This text is meant as an introduction to the subject of typography, both in general but more importantly as it relates to R. If you are more interested in how to use systemfonts to use fonts installed on your computer during plotting then please see the package introduction vignette.
The code examples in this vignette is based on fonts that may not be available on the users machine. As such, you should not expect the provided examples to execute locally out of the box.
Digital typography
Many books could be, and have been, written about the subject of typography. This blog post is not meant to be an exhaustive deep dive into all areas of this vast subject. Rather, it is meant to give you just enough understanding of core concepts and terminology to appreciate how it all plays into using fonts in R.
Typeface or font?
There is a good chance that you, like 99% of world, use “font” as the term describing “the look” of the letters you type. You may, perhaps, have heard the term “typeface” as well and thought it synonymous. This is in fact slightly wrong, and a great deal of typography snobbery has been dealt out on that account (much like the distinction between packages and libraries in R). It is a rather inconsequential mix-up for the most part, especially because 99% of the population wouldn’t bat an eye if you use them interchangeably. However, the distinction between the two serves as a good starting point to talk about other terms in digital typography as well as the nature of font files, so let’s dive in.
When most people use the word “font” or “font family”, what they are actually describing is a typeface. A typeface is a style of lettering that forms a cohesive whole. As an example, consider the well-known “Helvetica” typeface. This name embraces many different weights (bold, normal, light) as well as slanted (italic) and upright. However, all of these variations are all as much Helvetica as the others - they are all part of the same typeface.

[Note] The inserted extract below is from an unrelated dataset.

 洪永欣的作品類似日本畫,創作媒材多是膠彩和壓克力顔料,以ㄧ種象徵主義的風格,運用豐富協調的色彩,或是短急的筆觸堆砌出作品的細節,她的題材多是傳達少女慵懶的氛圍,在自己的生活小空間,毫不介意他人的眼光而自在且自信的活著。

A font is a subset of a typeface, describing a particular variation of the typeface, i.e. the combination of weight, width, and slant that comes together to describe the specific subset of a typeface that is used. We typically give a specific combination of these features a name, like “bold” or “medium” or “italic”, which we call the font style1. In other words, a font is a particularly style within a typeface.
In the rest of this document we will use the terms typeface and font with the meaning described above.
Font files
Next, we need to talk about how typefaces are represented for use by computers. Font files record information on how to draw the individual glyphs (characters), but also instructions about how to draw sequences of glyphs like distance adjustments (kerning) and substitution rules (ligatures). Font files typically encode a single font but can encode a full typeface:
typefaces <- systemfonts::system_fonts()[, c("path", "index", "family", "style")]

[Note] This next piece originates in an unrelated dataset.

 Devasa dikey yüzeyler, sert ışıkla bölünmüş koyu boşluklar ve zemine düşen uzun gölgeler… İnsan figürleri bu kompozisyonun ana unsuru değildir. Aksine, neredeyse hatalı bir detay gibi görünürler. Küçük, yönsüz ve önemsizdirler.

# Full typeface in one file
typefaces[typefaces$family == "Helvetica", ]
#> # A tibble: 6 × 4
#> path index family style
#> <chr> <int> <chr> <chr>
#> 1 /System/Library/Fonts/Helvetica.ttc 2 Helvetica Oblique
#> 2 /System/Library/Fonts/Helvetica.ttc 4 Helvetica Light
#> 3 /System/Library/Fonts/Helvetica.ttc 5 Helvetica Light Oblique
#> 4 /System/Library/Fonts/Helvetica.ttc 1 Helvetica Bold
#> 5 /System/Library/Fonts/Helvetica.ttc 3 Helvetica Bold Oblique
#> 6 /System/Library/Fonts/Helvetica.ttc 0 Helvetica Regular
# One font per font file
typefaces[typefaces$family == "Arial", ]
#> # A tibble: 4 × 4
#> path index family style
#> <chr> <int> <chr> <chr>
#> 1 /System/Library/Fonts/Supplemental/Arial.ttf 0 Arial Regular
#> 2 /System/Library/Fonts/Supplemental/Arial Bold.ttf 0 Arial Bold
#> 3 /System/Library/Fonts/Supplemental/Arial Bold Italic.ttf 0 Arial Bold Italic
#> 4 /System/Library/Fonts/Supplemental/Arial Italic.ttf 0 Arial Italic
Here, each row is a font, with family giving the name of the typeface, and style the font style.
It took a considerable number of tries before the world managed to nail the digital representation of fonts, leading to a proliferation of file types. As an R user, there are three formats that are particularly important:
TrueType (ttf/ttc). Truetype is the baseline format that all modern formats stand on top of. It was developed by Apple in the ’80s and became popular due to its great balance between size and quality. Fonts can be encoded, either as scalable paths, or as bitmaps of various sizes, the former generally being preferred as it allows for seamless scaling and small file size at the same time.
OpenType (otf/otc). OpenType was created by Microsoft and Adobe to improve upon TrueType. While TrueType was a great success, the number of glyphs it could contain was limited and so was its support for selecting different features during shaping. OpenType resolved these issues, so if you want access to advanced typography features you’ll need a font in OpenType format.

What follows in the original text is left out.